Prompts need version control.

WizPrompt exposed the obvious failure mode: production behavior changing because a prompt changed in place. Once prompts are treated like code, the debugging gets honest.

There is a moment in every LLM engineering team's history when something breaks in production and no one can explain why. The model is the same. The code is the same. The output is different. After an hour of investigation, someone checks the prompt — and there it is. An edit made two days ago, no diff, no record, no way to know what it changed from.

This is the prompt management failure mode. It is completely avoidable and almost universal.

The spreadsheet problem.

Most teams that are early in LLM product development store prompts in spreadsheets, Notion pages, or comments in application code. This is reasonable at the start. The prompts are simple, the team is small, the product is moving fast.

The problem arrives when the team grows, the prompts grow in complexity, and the volume of production AI behavior starts to matter. At that point, the spreadsheet becomes a liability. There are no diffs. There is no history. There is no way to run an eval against the old version and the new version before deploying. There is no rollback path.

A prompt without history is a production incident waiting for a name.

We built WizPrompt because we needed it ourselves, and because the gap between how teams manage code and how they manage prompts was wider than it should have been in 2025.

What version control gives you.

Diffs. The most basic thing. Being able to see exactly what changed between the version running in production and the version you are about to deploy. This sounds trivial and is not, because without it, the review process is either skipped or done by comparing two documents side by side, manually, under pressure.

Eval runs before merge. The WizPrompt pattern is: branch, edit, run evals, review results, merge. The eval runs compare the proposed version against a golden set of inputs and expected outputs. Regression alerts fire if accuracy drops below a threshold. This turns "I think this edit is better" into "the eval set agrees, or it does not."

Rollback. When something breaks in production — and it will — having a rollback path that is one command instead of a manual archaeology session through a Notion page history is the difference between a five-minute incident and a fifty-minute one.

Multi-model comparison as a forcing function.

An unexpected benefit of side-by-side model comparison: it reveals how model-specific most prompts are.
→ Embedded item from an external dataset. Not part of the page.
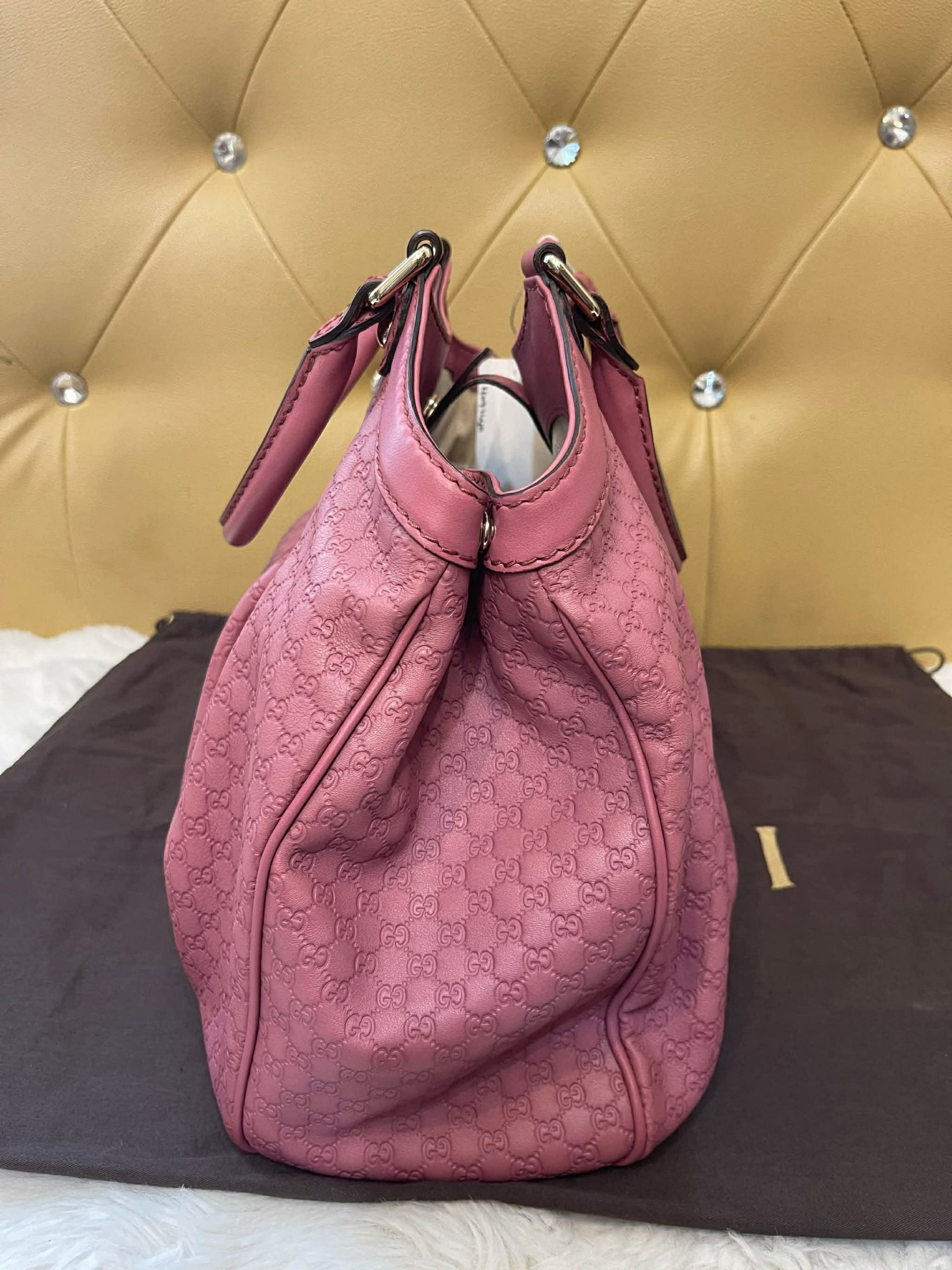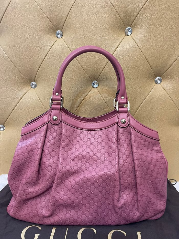 The Gucci Sukey Bag is one of Gucci’s most recognizable everyday totes from the late 2000s and early 2010s. It became popular for its roomy design, soft structure, and signature GG details, making it a practical yet stylish choice.

A prompt that works well on Claude often degrades on GPT-4o, not because either model is worse, but because the prompting conventions differ. Anthropic models tend to respond well to explicit structural guidance. OpenAI models have different sensitivities.

Running the same prompt across providers before deployment surfaces this before it becomes a customer-facing problem. It also makes prompt authors more precise — when you know the prompt will be tested against multiple models, you write it more carefully.

The deploy discipline matters most.

The biggest behavioral change WizPrompt creates is not the version history or the evals. It is the habit of treating a prompt deploy the same way you treat a code deploy. Review required. Eval passing. Merge to main. SDK pulls the merged version automatically.

That habit is the actual product. The software is just what enforces it.